··· THE DATA ···

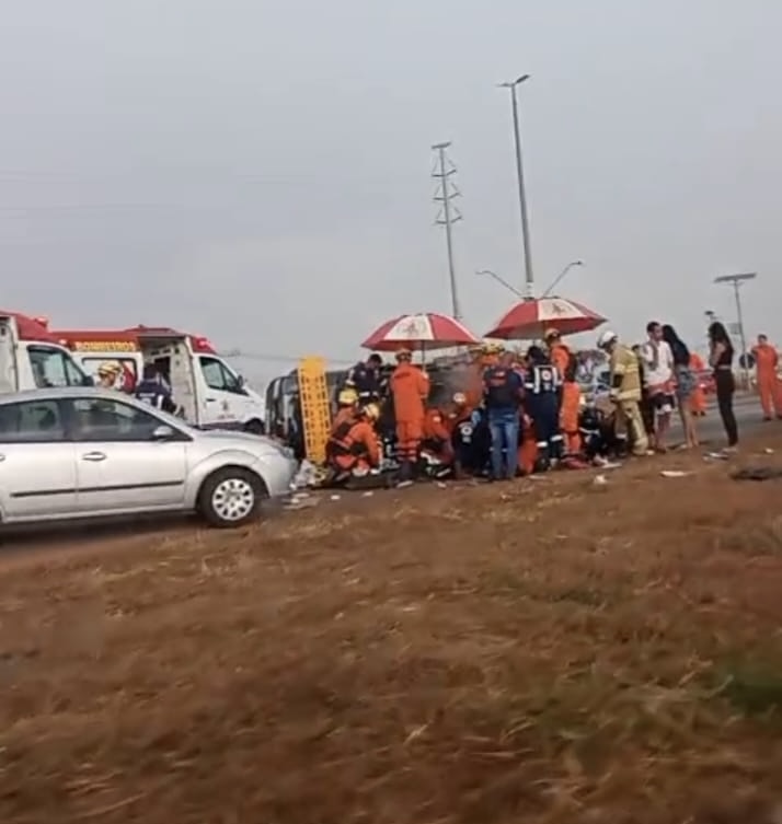 Um grave acidente na BR-040, na noite desta quarta-feira (17/9), resultou na morte de uma criança de 8 anos e deixou o pai dela ferido. Os dois foram arremessados para fora do carro quando o motorista perdeu o controle da direção e o veículo tombou, próximo ao posto da Polícia Rodoviária Federal (PRF), no sentido Luziânia (GO).
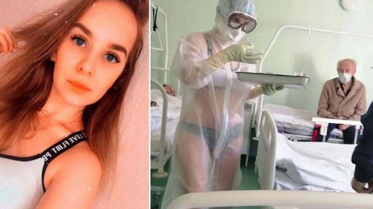 Rusya'nın Tula kentinde bir hemşirenin, iç çamaşırı ve şeffaf koruyucu kıyafet giyerek hastaları tedavi etmesi olay yaratmış ve tüm dünyada manşetlere taşınmıştı.
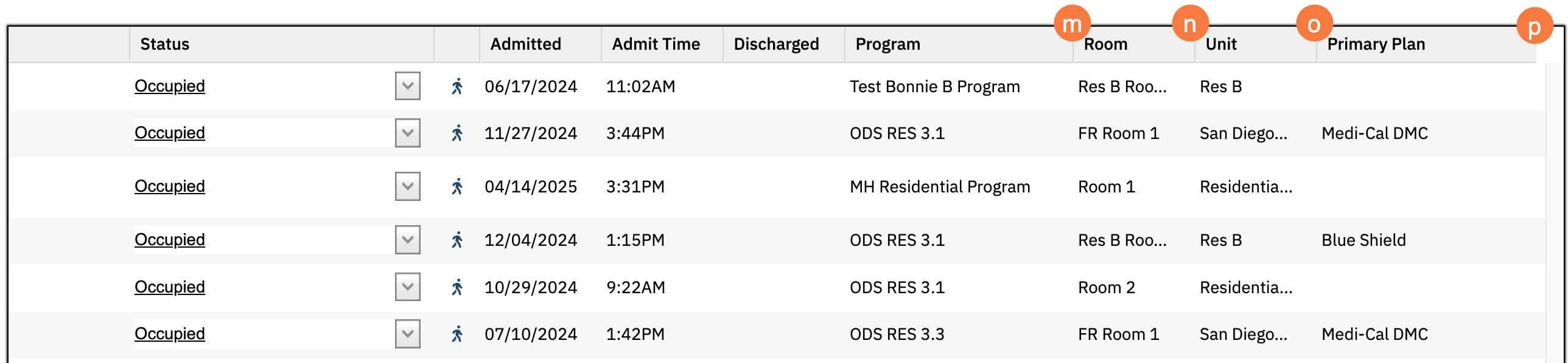- Program: Program the patient is actively in for the listed bed activity. If this is an open bed, this will display the defaulted program for that bed.

···

### YOUR ASSIGNMENT
Transcribe the full listing exactly, but keep every image out of it.

### OUTPUT
 Um grave acidente na BR-040, na noite desta quarta-feira (17/9), resultou na morte de uma criança de 8 anos e deixou o pai dela ferido. Os dois foram arremessados para fora do carro quando o motorista perdeu o controle da direção e o veículo tombou, próximo ao posto da Polícia Rodoviária Federal (PRF), no sentido Luziânia (GO).
 Rusya'nın Tula kentinde bir hemşirenin, iç çamaşırı ve şeffaf koruyucu kıyafet giyerek hastaları tedavi etmesi olay yaratmış ve tüm dünyada manşetlere taşınmıştı.
- Program: Program the patient is actively in for the listed bed activity. If this is an open bed, this will display the defaulted program for that bed.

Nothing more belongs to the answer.